- _TASK TO COMPLETE_
Output only the lines below that start at the line containing "Kunto: ehjä, paljon" and end at the line containing "Private bank note", with both ends kept.

- _DATA EXTRACTS_
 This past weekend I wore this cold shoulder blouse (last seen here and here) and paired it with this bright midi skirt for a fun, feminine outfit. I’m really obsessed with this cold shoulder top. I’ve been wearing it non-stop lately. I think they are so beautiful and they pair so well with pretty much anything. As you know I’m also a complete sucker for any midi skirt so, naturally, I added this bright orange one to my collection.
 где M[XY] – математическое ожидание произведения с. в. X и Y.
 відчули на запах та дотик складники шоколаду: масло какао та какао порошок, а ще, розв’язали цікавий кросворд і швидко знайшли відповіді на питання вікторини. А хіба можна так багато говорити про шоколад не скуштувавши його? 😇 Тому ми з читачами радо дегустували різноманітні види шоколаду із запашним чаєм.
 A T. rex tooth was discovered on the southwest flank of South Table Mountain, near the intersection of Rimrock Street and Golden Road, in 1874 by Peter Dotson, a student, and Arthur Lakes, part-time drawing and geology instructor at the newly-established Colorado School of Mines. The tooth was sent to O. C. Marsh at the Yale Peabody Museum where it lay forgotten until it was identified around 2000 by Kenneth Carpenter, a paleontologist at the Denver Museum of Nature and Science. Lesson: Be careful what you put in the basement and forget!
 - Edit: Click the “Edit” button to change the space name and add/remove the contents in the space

---

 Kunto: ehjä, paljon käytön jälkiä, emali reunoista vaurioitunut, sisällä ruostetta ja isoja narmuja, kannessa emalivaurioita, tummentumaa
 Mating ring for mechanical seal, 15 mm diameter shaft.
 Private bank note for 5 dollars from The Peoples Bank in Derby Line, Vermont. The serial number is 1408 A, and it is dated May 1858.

- _OUTPUT OF THE EXERCISE_
 Kunto: ehjä, paljon käytön jälkiä, emali reunoista vaurioitunut, sisällä ruostetta ja isoja narmuja, kannessa emalivaurioita, tummentumaa
 Mating ring for mechanical seal, 15 mm diameter shaft.
 Private bank note for 5 dollars from The Peoples Bank in Derby Line, Vermont. The serial number is 1408 A, and it is dated May 1858.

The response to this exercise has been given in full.